Ce portrait tempère celui de « l’homme heureux » présenté par la littérature et du « bonhomme le Nôtre » retenu par la légende colportée par son ennemi, l’architecte Jules-Hardouin Mansart. « André le Nôtre, assène Patricia Bouchenot-Déchin, a dû se battre toute sa vie ! » L’homme a travaillé dur et longtemps. Deux ans avant sa mort à 87 ans, en septembre 1700, il réalisait encore des chantiers !

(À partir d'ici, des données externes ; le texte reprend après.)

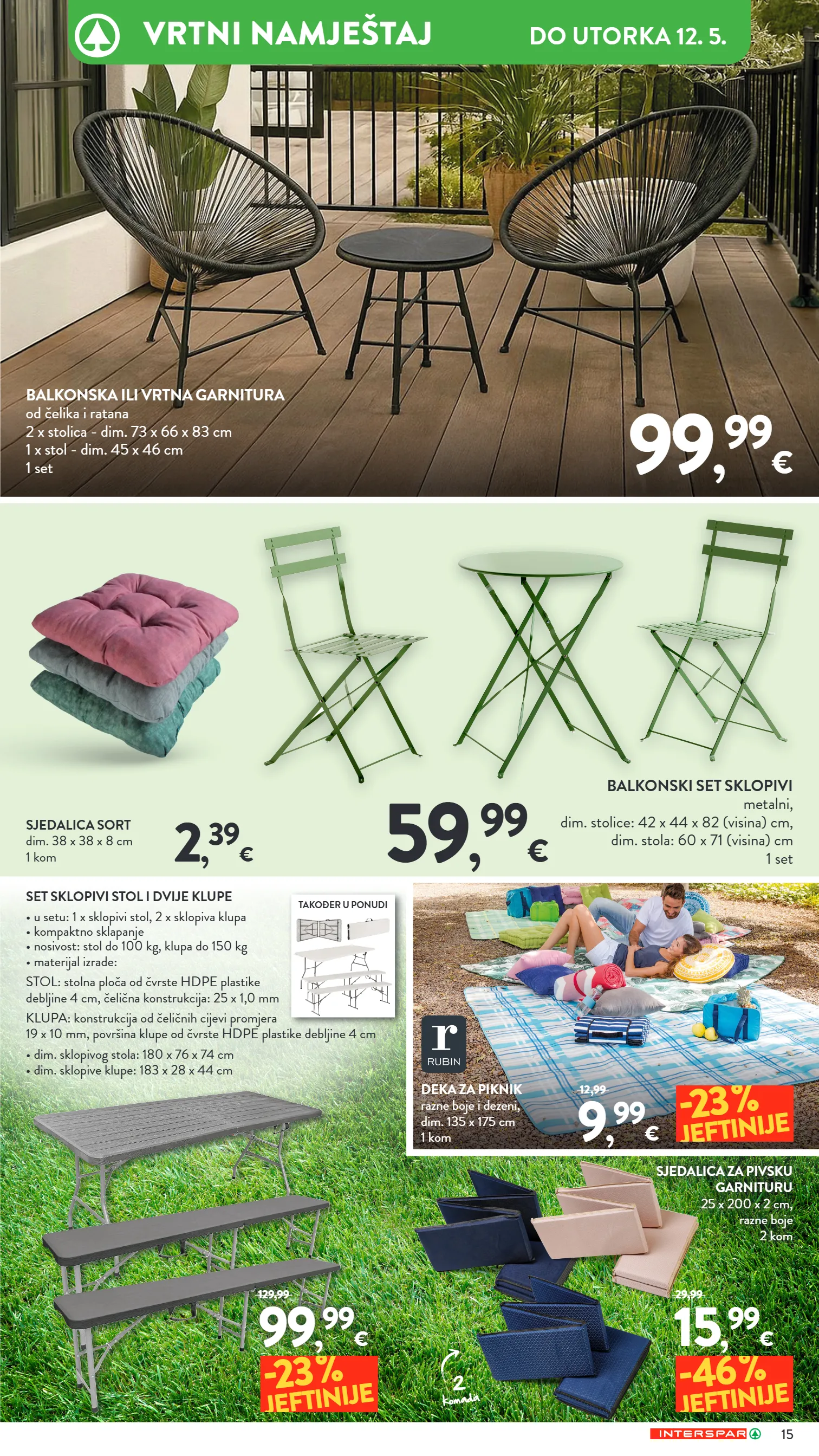 balkonski set sklopivi metalni, dim. stolice: 42 x 44 x 82 (visina) cm, dim. stola: 60 x 71 (visina) cm 1 set 59 , 99 € 99 , 99 € sjedalica sort dim. 38 x 38 x 8 cm 1 kom set sklopivi stol i dvije klupe • u setu: 1 x sklopivi stol, 2 x sklopiva klupa • kompaktno sklapanje • nosivost: stol do 100 kg, klupa do 150 kg • materijal izrade: stol: stolna ploča od čvrste hdpe plastike debljine 4 cm, čelična konstrukcija: 25 x 1,0 mm klupa: konstrukcija od čeličnih cijevi promjera 19 x 10 mm, površina klupe od čvrste hdpe plastike debljine 4 cm • dim. sklopivog stola: 180 x 76 x 74 cm • dim. sklopive klupe: 183 x 28 x 44 cm 2 , 39 € sjedalica za pivsku garnituru 25 x 200 x 2 cm, razne boje 2 kom balkonska ili vrtna garnitura od čelika i ratana 2 x stolica - dim. 73 x 66 x 83 cm 1 x stol - dim. 45 x 46 cm 1 set 15 , 99 € 29,99 -46 % jeftinije 99 , 99 € 129,99 -23 % jeftinije 2 komada 9 , 99 € 12,99 -23 % jeftinije deka za piknik razne boje i dezeni, dim. 135 x 175 cm 1 kom također u ponudi 15 vrtni namještaj do utorka 12. 5.

Une naissance aux Tuileries
Quand il naît le 12 mars 1613 aux Tuileries, à Paris, André Le Nôtre est imprégné du style royal. Son grand-père jardinier du roi, avait réussi à se faire élire « juré », c’est-à-dire expert, fonction aussi prisée que rare. Une compétence et charge transmises, comme c’est la règle, à son fils Jean, le père d’André, jardinier aux Tuileries et concepteur de jardins pour des particuliers fortunés. Soucieux de l’avenir de son fils, Jean l’envoie apprendre le dessin et la peinture dans l’atelier de Simon Vouet. Cet atelier, dit Patricia Bouchenot-Déchin, « c’est une machine à succès. Ceux qui en sortent sont promis à la réussite, comme le peintre Charles Le Brun ».
Un homme d’ambitions
En 1635, André Le Nôtre devient premier jardinier de Gaston d’Orléans, frère de Louis XIII. « Huit ans plus tard, lorsque Louis XIII meurt, il est déjà connu et possède tout un réseau de commanditaires prestigieux », explique Patricia Bouchenot-Déchin. De 1635 à 1637, Le Nôtre a dessiné le premier grand jardin qui porte sa marque, celui du château de Wattignies, près de Lille. Mais celui qui succède à son père comme jardinier du roi aux Tuileries a d’autres ambitions. En 1657, il achète la charge de contrôleur général des bâtiments, des jardins, arts et manufactures du roi. « Ce n’est pas une fonction honorifique. Cela lui donne un rôle très important qu’il exerce pour Colbert puis Louvois, avec lesquels il s’entendra bien. »
Blessures personnelles
De 1656 à 1661, André Le Nôtre aménage les jardins de Vaux-le-Vicomte pour Nicolas Fouquet. Dès l’arrestation de celui-ci, il arrive à Versailles où les travaux d’extension des jardins dureront jusqu’en 1687. Pendant ces années, Le Nôtre en aménagera bien d’autres. Cette succes story fait parfois oublier ses blessures personnelles – marié à Françoise Langlois, Le Nôtre voit mourir en bas âge ses trois enfants – ou son immense passion pour les œuvres d’art qu’il collectionnera sa vie durant. Il léguera ses plus belles pièces à Louis XIV à qui le liait une étonnante relation. Béatrix Saule évoque « une vraie complicité » qu’explique peut-être la différence d’âge – celle d’un père et d’un fils – entre les deux hommes.